Este idioma, que tem o som
das tempestades marítimas e do mar roçando nossas naus – “O mar é portuguez”,
escreveu Pessoa - os portugueses dominaram e domaram o mar – foi “tanto mar”,
foi tanto tempo no mar, que o som do mar impregnou-se em nossa língua –,
mereceu este belo soneto, uma declaração de amor, de Olavo Brás Martins dos
Guimarães Bilac:
“LÍNGUA PORTUGUESA
Última flor do Lácio,
inculta e bela,
És, a um tempo, esplendor
e sepultura:
Ouro nativo, que na ganga
impura,
A bruta mina entre os
cascalhos vela...
Amo-te assim, desconhecida
e obscura,
Tuba de alto clangor, lira
singela,
Que tens o trom e o silvo
da procela,
E o arrolo da saudade e da
ternura!
Amo o teu viço agreste e o teu aroma
De virgens selvas e de
oceano largo!
Amo-te, ó rude e doloroso
idioma,
Em que da voz materna
ouvi: “meu filho”
E em que Camões chorou, no
exílio amargo,
O gênio sem ventura e o
amor sem brilho!”
...
Bilac, desbravador de
palavras, entra também em virgens selvas e vai a Ouro Preto, interior das Minas
Gerais, para buscar inspiração no Arcadismo – como o Parnasianismo, também cria
do Classicismo - e saudar a luta de Joaquim José da Silva Xavier, o Tiradentes;
Tomás Antônio Gonzaga, o Dirceu de Marília; Cláudio Manuel da Costa; Alvarenga
Peixoto; Padre Rolim e tantos outros que sonharam com a independência do Brasil
de Portugal.
Ali, na velha Vila Rica,
antiga capital mineira, a neblina e a brisa das montanhas de Minas moldam o
nosso rude e doloroso idioma – para português mineiro. E um “Mundo mundo vasto
mundo” se abre para o modernista Carlos Drummond de Andrade; um Grande Sertão
se descortina para João Guimarães Rosa:
“VILA RICA
O ouro fulvo do ocaso as
velhas casas cobre;
Sangram, em laivos de
ouro, as minas, que a ambição
Na torturada entranha
abriu da terra nobre:
E cada cicatriz brilha
como um brasão.
O Ângelo plange ao longe
em doloroso dobre,
O último ouro do sol morre
na cerração.
E, austero, amortalhando a
urbe gloriosa e pobre,
O crepúsculo cai como uma
extrema-unção.
Agora, para além do cerro,
o céu parece
Feito de um ouro ancião
que o tempo enegreceu...
A neblina, roçando o chão,
cicia, em prece,
Como uma procissão
espectral que se move...
Dobra o sino... Soluça um
verso de Dirceu...
Sobre a triste Ouro Preto
o ouro dos astros chove”.
...
Volto para casa, entro
em meu Orkut e encontro uma mensagem,
deixada por uma aluna:
“Tangerini, o único
professor de Literatura que dá aula sorrindo”.
A aluna, por certo,
registrou aquele momento em que, tomado pelo universo da Literatura, deixei a
felicidade invadir a minha alma lusitana.
Creio, porém, que outros
professores também sorriem quando tomados pelos números, pelos mapas, pelos
fatos históricos, pelas químicas, pelas artes, pelo tecido celular...
Os baixos salários dos
professores muitas vezes nos entristecem. Mas ainda sorrimos. Porque amamos o
que fazemos. Porque, em nossa última célula, ainda existe uma semente de
esperança e cremos num mundo melhor, mais humano, menos amargo e doloroso.
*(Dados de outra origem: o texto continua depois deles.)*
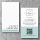 Moderne, vertikale Visitenkarten mit Ihrem Namen und Titel auf der Vorderseite und anpassbare Vorlagenfelder für Ihre Kontaktinformationen, Logo und QR-Code auf der Rückseite. Weiß und Aquablau oder Sonderfarben. Mit dem Designwerkzeug können Sie Schriftart und Farben ändern, Elemente verschieben und verändern.

Mas... retomando o “Navegar
é preciso; viver não é preciso”, velho ditado português... Fernando Pessoa toma
para si o tema e o transforma em “criar é preciso; viver não é preciso”...
Criar nos leva a novos
horizontes – em Língua Portuguesa ou não. Criemos, pois, um novo mundo, ainda
que a decepção e o desânimo nos suguem todas as energias.